Felipe, quem estava responsável por toda a gravação, sorriu para ela e se posicionou por trás da câmera principal, colocando-a num ângulo perfeito.

Céline não sabia ao certo o que fazer, o que falar, por onde começar. Não sabia nem quais seriam as perguntas, só sabia que precisava falar sobre Ayrton, afinal era seu documentário, do maior campeão do Brasil.

Diversas vezes se perguntou se estaria fazendo a coisa certa, indo até o Brasil para filmar um documentário sobre o cara que, de longe, foi o mais importante em sua vida, apesar dos pesares.
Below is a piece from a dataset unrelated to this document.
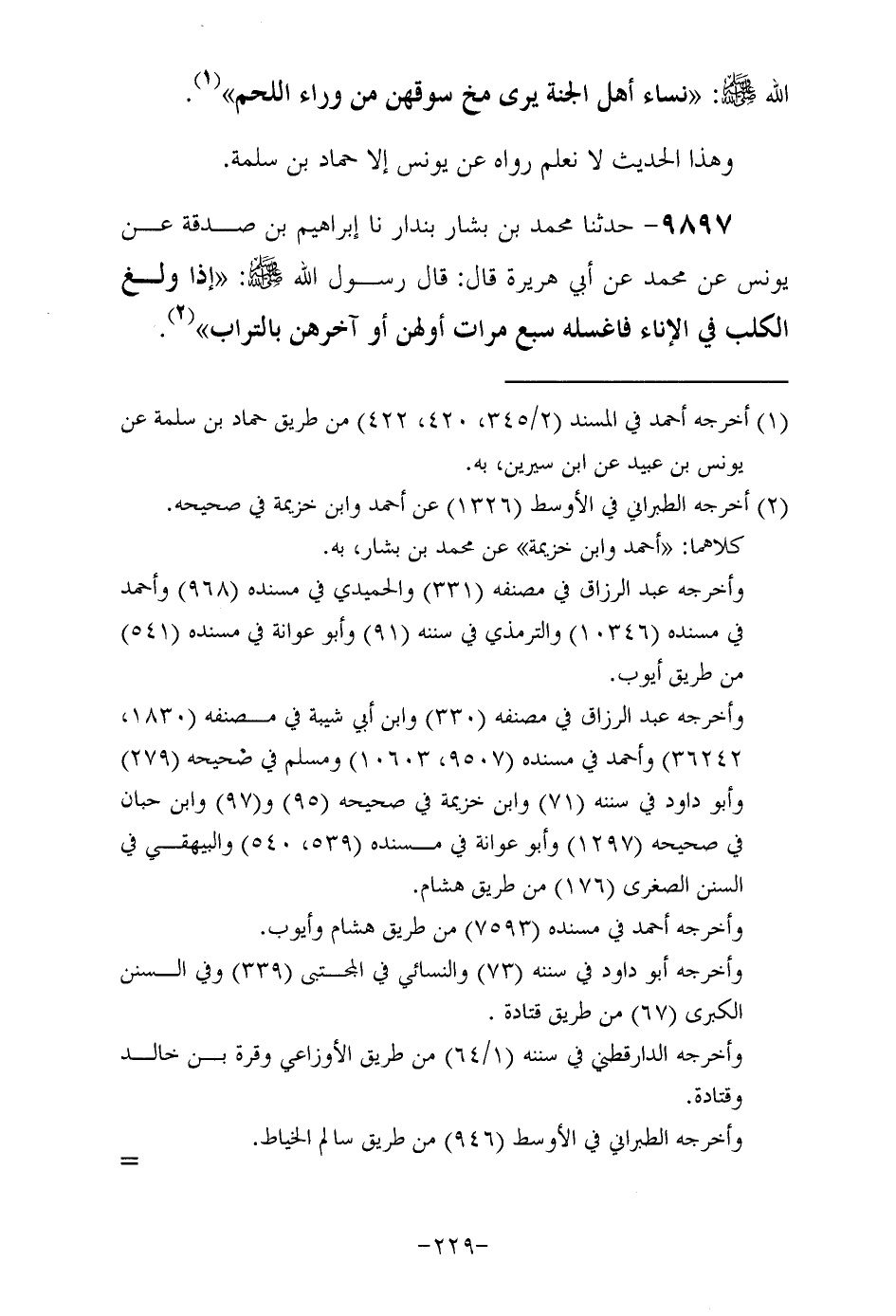 9897- حَدَّثَنا مُحَمَّد بن بشار بندار , حَدَّثَنا إبراهيم بن صدقة , عن يونس , عن مُحَمَّد , عَنْ أَبِي هُرَيْرَةَ رَضِيَ اللهُ عَنْهُ , قَالَ: قَالَ رَسُولُ اللهِ صَلَّى اللهُ عَلَيْهِ وَسَلَّمَ: إِذَا وَلِغَ الْكَلْبُ في الإناء فاغسله سبع مرات أولهن أو آخرهن بالتراب.

Eles tinham história, muitas pessoas sabiam disso. Mas o que elas não sabiam era o que tinha nessa história, e haviam muitas coisas.
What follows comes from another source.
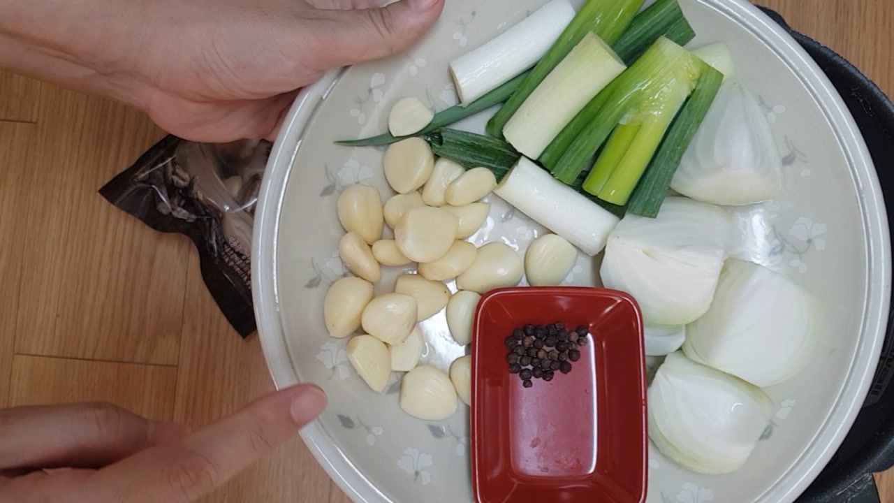 - 양파 1개, 대파 1개, 후추 10알, 깐마늘 20개를 준비합니다.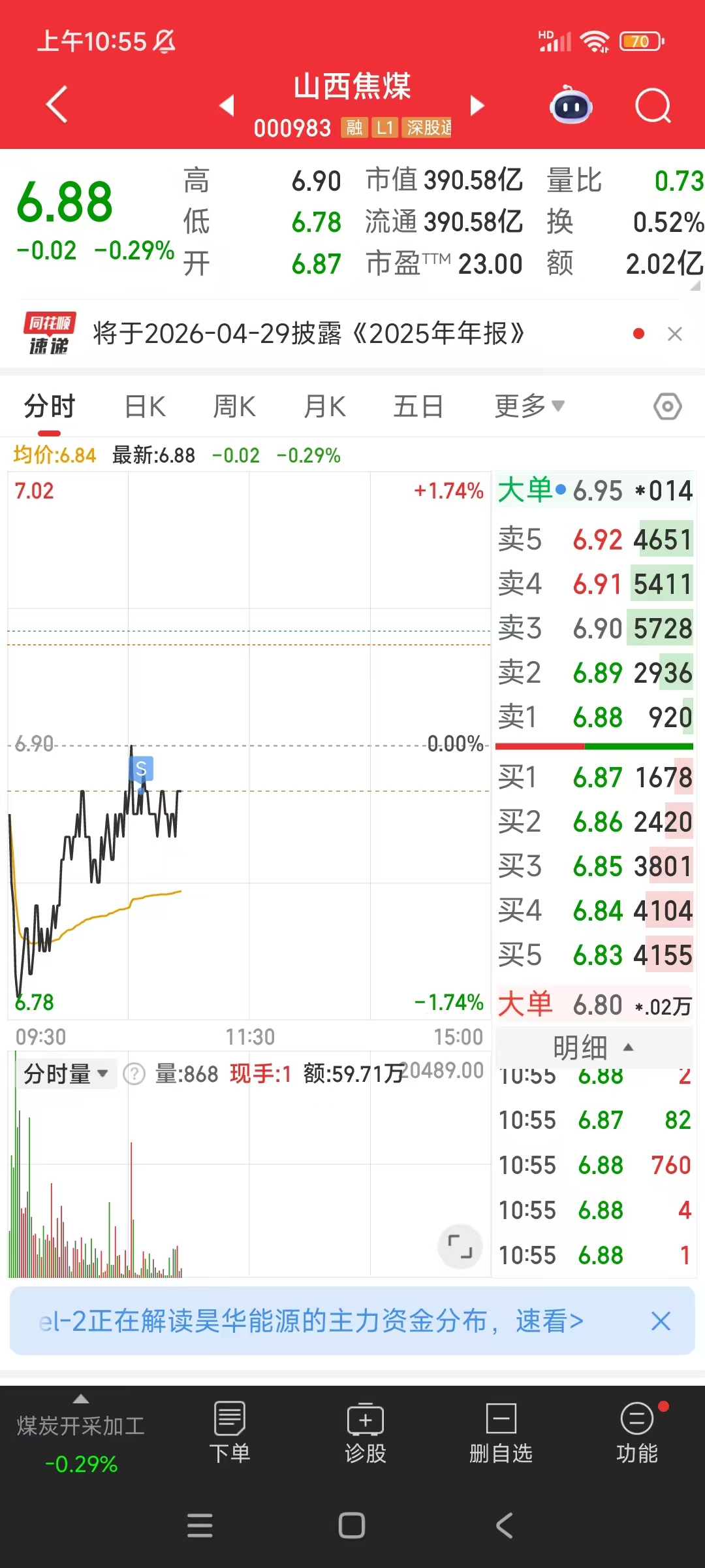 $山西焦煤(SZ000983)$ 昨天尾盘竞价买了六成仓,6.88割了一半,成本抬高到6.94了

O problema era que Céline não queria compartilhar ela com o mundo porque era algo íntimo demais. Tudo o que passaram juntos era íntimo demais, mas ela também não poderia deixar de mostrar para todos o quão incrível era, e por isso ela estava ali, sentada de frente para uma câmera, no lugar favorito de Ayrton, pronta para contar uma longa história.

— Certo, podemos fazer um teste? — o diretor perguntou.

Céline limpou a garganta e se ajeitou na banqueta, tentando puxar a maior quantidade de ar possível.

— O que quer que eu faça?

— Pode dizer qualquer coisa — Felipe disse, sem muita importância.

— Como isso vai acontecer mesmo? Irão me fazer perguntas?

— Nós temos apenas uma pergunta, senhorita. E você quem vai escolher como vai nos responder — ele explicou.

Céline então levou seu olhos pelas pessoas que estavam ali, podendo ver seu companheiro de longa data, Reginaldo Leme, a encarando com aquele sorriso de quando sempre a via no padoque. Ele estava velho, com cabelos brancos e sua calvície fazendo contraste com a quantidade de cabelo que ele tinha há quarenta anos. Céline também avistou Viviane e Neyde, ambas trocando conversas na língua materna. Céline pouco entendia, seu português estava enferrujado demais.

Por um momento ela se sentiu fraca, sem vontade de continuar. Mas não teve tempo de fugir, porque em segundos Felipe chamou sua atenção.

— Vamos começar, Céline.

Ela tossiu e concordou com a cabeça.

— Certo.

— Quem era Ayrton? — ele pediu.

Um sorriso e uma risada fraca deixaram os lábios da francesa, que teve um flashback dos dias alegres ao lado dele, sem mesmo dar chance para as memórias ruins sugarem sua mente.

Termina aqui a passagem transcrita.